Look below for the lines from the one with "Va1e*ntin0 medium garavani" to the one with "starting bottom right.", and copy exactly those lines, both ends included.

Information given -
━━━━━━━━━━━━━━━━━━━━━━━━━━━━━━

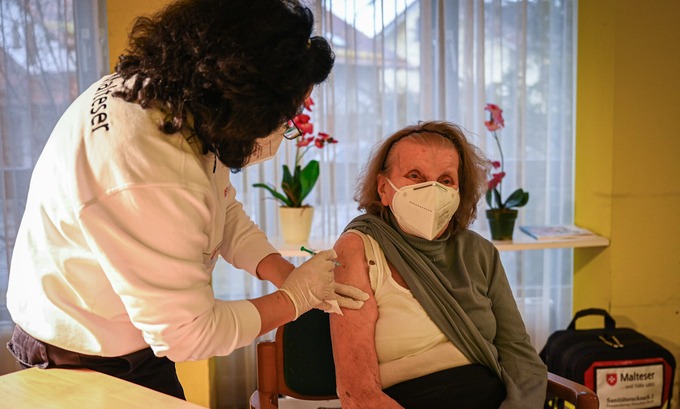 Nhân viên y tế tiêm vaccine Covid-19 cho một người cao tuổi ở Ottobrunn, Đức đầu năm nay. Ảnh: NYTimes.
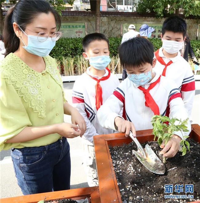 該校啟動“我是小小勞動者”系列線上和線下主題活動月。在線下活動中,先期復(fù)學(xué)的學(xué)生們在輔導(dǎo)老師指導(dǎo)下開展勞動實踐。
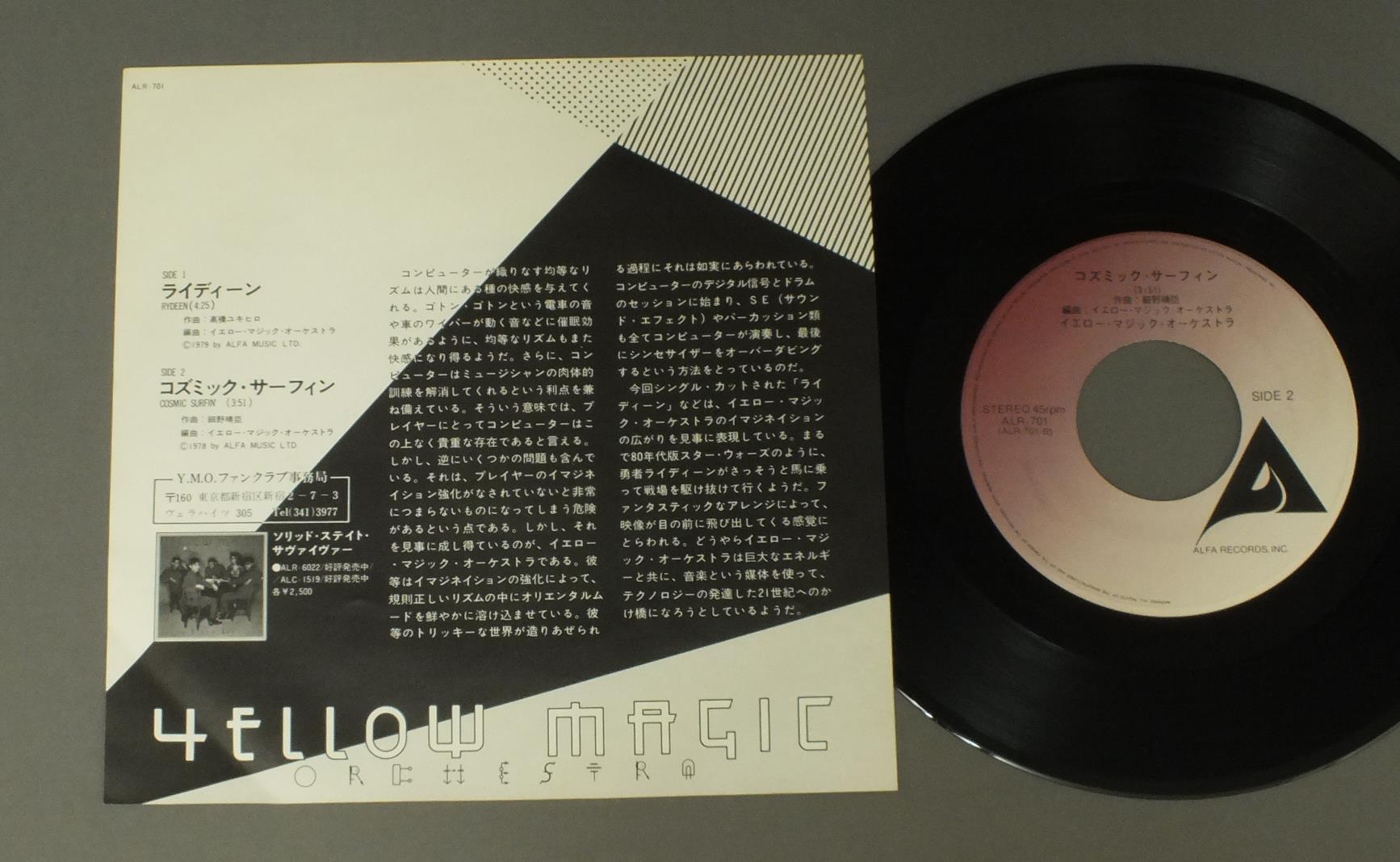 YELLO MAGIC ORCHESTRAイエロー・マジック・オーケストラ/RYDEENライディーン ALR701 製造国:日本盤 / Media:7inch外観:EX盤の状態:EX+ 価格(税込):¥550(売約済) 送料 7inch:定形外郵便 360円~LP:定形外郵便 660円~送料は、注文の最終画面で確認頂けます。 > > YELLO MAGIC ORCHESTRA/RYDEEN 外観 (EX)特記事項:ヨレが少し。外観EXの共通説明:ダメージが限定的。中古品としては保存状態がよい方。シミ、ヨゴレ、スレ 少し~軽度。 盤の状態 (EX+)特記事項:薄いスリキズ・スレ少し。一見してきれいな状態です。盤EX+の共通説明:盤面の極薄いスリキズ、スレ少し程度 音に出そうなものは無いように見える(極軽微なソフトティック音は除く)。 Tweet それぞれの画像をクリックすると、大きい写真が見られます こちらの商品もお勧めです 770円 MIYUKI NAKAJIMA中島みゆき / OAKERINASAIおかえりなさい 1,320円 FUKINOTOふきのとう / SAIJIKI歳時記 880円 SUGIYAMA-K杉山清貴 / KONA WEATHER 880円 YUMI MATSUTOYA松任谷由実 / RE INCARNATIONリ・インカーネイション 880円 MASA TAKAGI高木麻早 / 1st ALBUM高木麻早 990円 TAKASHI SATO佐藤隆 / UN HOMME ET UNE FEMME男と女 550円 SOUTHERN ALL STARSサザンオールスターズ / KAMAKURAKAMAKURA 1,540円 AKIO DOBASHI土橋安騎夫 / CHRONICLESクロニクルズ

━━━━━━━━━━━━━━━━━━━━━━━━━━━━━━

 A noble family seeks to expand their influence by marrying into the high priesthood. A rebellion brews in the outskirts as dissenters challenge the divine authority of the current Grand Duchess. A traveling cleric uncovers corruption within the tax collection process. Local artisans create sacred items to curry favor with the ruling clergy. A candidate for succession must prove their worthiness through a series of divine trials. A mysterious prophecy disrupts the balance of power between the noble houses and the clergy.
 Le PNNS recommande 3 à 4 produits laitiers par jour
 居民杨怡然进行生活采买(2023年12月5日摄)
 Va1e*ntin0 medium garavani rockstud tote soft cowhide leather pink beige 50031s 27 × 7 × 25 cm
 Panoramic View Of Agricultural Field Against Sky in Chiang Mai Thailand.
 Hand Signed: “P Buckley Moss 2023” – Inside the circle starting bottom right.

━━━━━━━━━━━━━━━━━━━━━━━━━━━━━━

Answer for this exercise -
 Va1e*ntin0 medium garavani rockstud tote soft cowhide leather pink beige 50031s 27 × 7 × 25 cm
 Panoramic View Of Agricultural Field Against Sky in Chiang Mai Thailand.
 Hand Signed: “P Buckley Moss 2023” – Inside the circle starting bottom right.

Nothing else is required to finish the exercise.